Attackers are actively exploiting a critical vulnerability in Array Networks’ ArrayOS AG series VPN appliances, leading to unauthorized access to enterprise networks. This flaw, residing in the DesktopDirect function, allows threat actors to inject commands and deploy webshells, posing a significant risk to organizations worldwide. Confirmed attacks leveraging this weakness have been ongoing since August 2025, with a notable concentration of targets in Japan.
The vulnerability enables attackers to execute arbitrary commands on affected systems with a high degree of freedom. While Array Networks released a patch in May 2025, the continued use of older, vulnerable versions of the ArrayOS AG software means many organizations remain exposed. Security analysts at JPCERT/CC have documented coordinated attack campaigns specifically targeting these devices, highlighting a sophisticated approach to compromising gateway appliances. The lack of a CVE identifier at this time does not diminish the severity or documented reality of these ongoing exploits.
Webshell Deployment and Attack Mechanics in ArrayOS AG Exploits
The primary method of exploiting this ArrayOS AG vulnerability involves sending specially crafted requests to the DesktopDirect interface. Attackers utilize specific characters, such as semicolons, within URLs to outmaneuver the intended command execution boundaries. This allows them to insert and run their own malicious instructions on the vulnerable device.
In documented instances, the commands executed by attackers aimed to install PHP webshells. These webshells are essentially backdoors that grant remote command execution capabilities on the compromised appliance. Threat actors have been observed placing these webshells in specific directory paths, such as “/ca/aproxy/webapp/”, enabling persistent access.
Once initial access is gained through the command injection flaw, attackers focus on establishing persistence and moving deeper into the network. JPCERT/CC analysts have reported that successful exploitation has led to the creation of unauthorized user accounts and the deployment of backdoors. This methodical approach allows attackers to maintain a hidden presence within victim networks, facilitating further lateral movement, data exfiltration, and ultimately, more significant breaches.

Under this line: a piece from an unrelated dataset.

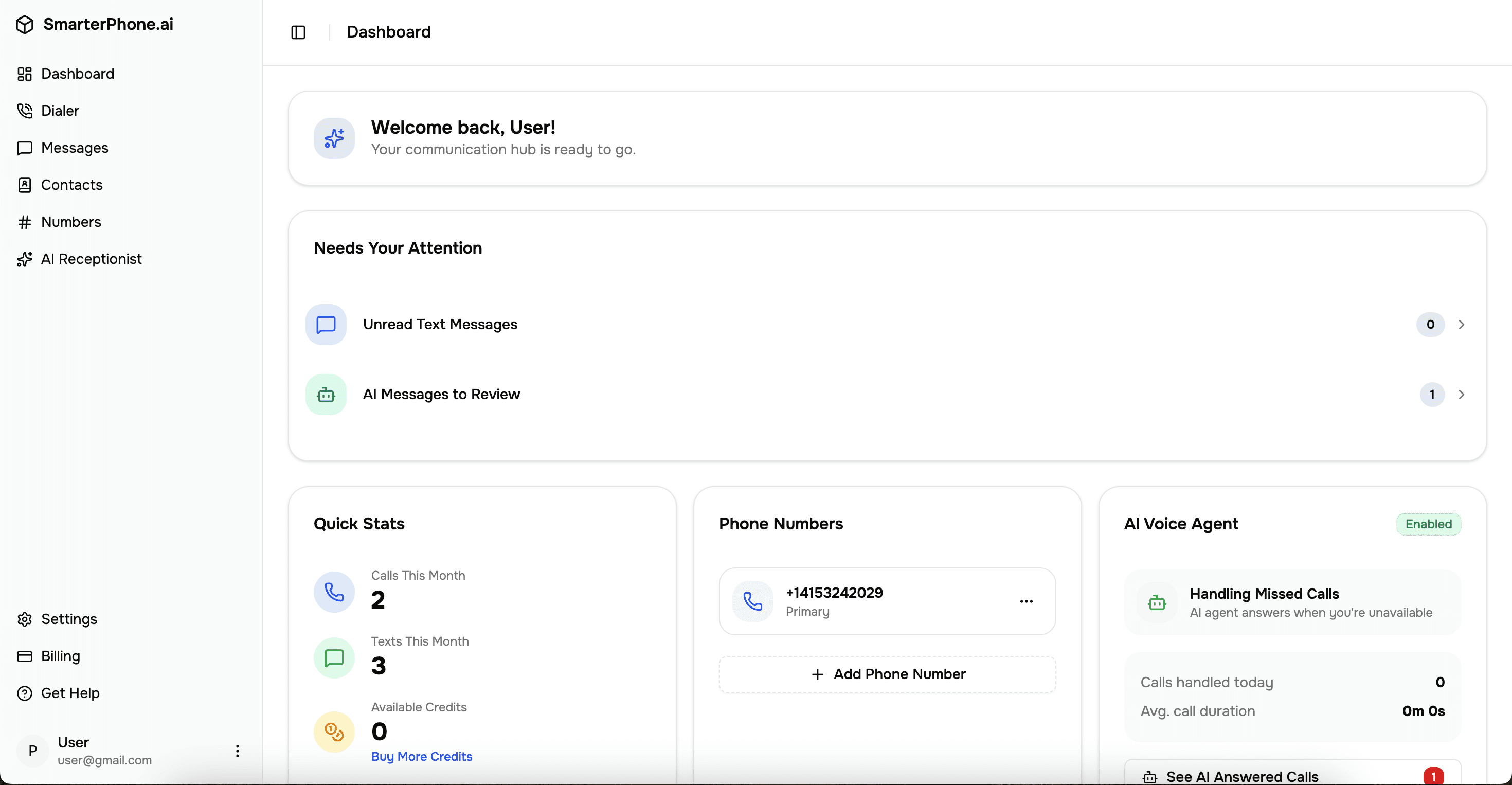 Call, text, and manage conversations from one dashboard — with an AI receptionist that never misses a call.

The observed attack traffic has been traced to a specific source IP address, 194.233.100[.]138. However, security researchers caution that this may represent only a single point within a larger, distributed attack infrastructure. The sophistication of these attacks underscores the importance of prompt patching and robust security monitoring for organizations relying on these VPN solutions.
Mitigation and Future Outlook for ArrayOS AG Vulnerabilities
To address this critical security threat, it is imperative for organizations to upgrade their ArrayOS AG installations to version 9.4.5.9 or the latest available patched version. For those unable to immediately apply the patch, a workaround involves disabling the DesktopDirect service if remote administrator access via this feature is not strictly necessary. This action can significantly reduce the attack surface.
When applying patches or implementing workarounds, organizations are strongly advised to preserve system logs before rebooting affected appliances. Array Networks’ internal guidance suggests that reboots following updates can sometimes lead to log data loss, which could be crucial for forensic investigations in the event of a confirmed breach. Preserving these logs is vital for understanding the scope and methods of an attack.
The ongoing exploitation of this ArrayOS AG vulnerability highlights a persistent challenge in cybersecurity: the lag between patch release and widespread deployment. As attackers continue to actively scan for and exploit unpatched systems, organizations must remain vigilant. The next steps for those affected will likely involve thorough security audits, incident response planning, and a review of their patch management strategies to prevent similar incidents in the future. The continued monitoring by security researchers for new attack vectors or variations of this exploit, along with the potential assignment of a CVE identifier, will be critical in informing ongoing defense efforts.